적외선 유도 무기의 급속한 발달로 인해 현대 장갑 차량의 생존성은 크게 위협 받고 있다. 따라서 적외선 신호를 줄여 탐지가능성을 줄이는 것이 지상 장갑 차량의 생존성 향상을 위해 반드시 필요하다. 이러한 목적으로 본 연구는 수치해석을 사용해 차량 적외선 신호의 시간 및 탐지 위치별 특성을 분석하였다. 그 결과 가장 낮은 대비복사강도를 보이는 방사율이 시간 및 탐지 위치별로 상이하며 적외선 신호를 효과적으로 저감하기 위해서는 차량 부위별로 다른 방사율을 갖는 제어 구조를 적용해야 할 것이다.

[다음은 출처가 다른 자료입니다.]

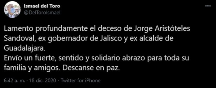 El exgobernador de Jalisco, Aristóteles Sandoval falleció la madrugada de este viernes al ser atacado a tiros en un restaurante en Puerto Vallarta, ante tal hecho varios funcionarios han compartido en redes sociales su sentir.Uno de los principales y de hecho fue quien confirmó la noticia es el gobernador de Jalisco, quien publicó un primer tuit a las 03:24 de la mañana en donde dice: "Con un profundo dolor quiero informarles que hace unos momentos el ex gobernador de nuestro estado, Aristóteles Sandoval, fue víctima de un ataque directo en Puerto Vallarta. Lamentablemente ha fallecido. Mi solidaridad con su familia en estos momentos tan difíciles."Otro fue el alcalde de Guadalajara, Ismael del Toro, quien publicó: "Lamento profundamente el deceso de Jorge Aristóteles Sandoval, ex gobernador de Jalisco y ex alcalde de Guadalajara. Envío un fuerte, sentido y solidario abrazo para toda su familia y amigos. Descanse en paz".De funcionarios que acompañaron a Aristóteles Sandoval en diversos periodos de su gestión como Gobernador de Jalisco está la reacción de Paco Ayón, ex secretario de Educación, y publica "Descansa en paz hermano... Siempre juntos". Se le sumaron otros comentarios como el de Marisol Schulz "Terrible noticia. Otra vida que se pierde por el baño de violencia que se vive en nuestro país. Esa es otra epidemia. DEP Aristóteles Sandoval".Y Alfredo Barba, "Mis más sentidas condolencias para la familia del exgobernador Aristoteles por su irreparable pérdida!"OF

Due to rapid development of infrared guided weapon, survivability of armored vehicle is severely threatened. Hence, reduction of susceptibility by lowering infrared signature level is essential to enhance survivability of the vehicle. For this purpose, numerical analysis is conducted to analyze time and spatial characteristics of infrared signature of the vehicle when surface emissivity changes in this study. The analysis shows that the emissivity which produces minimum contrast radiant intensity is significantly altered by time and detecting position. Based on the result, it is concluded that the controlled structures which have different emissivity should be adopted at different region of the vehicle to effectively decrease infrared signature level.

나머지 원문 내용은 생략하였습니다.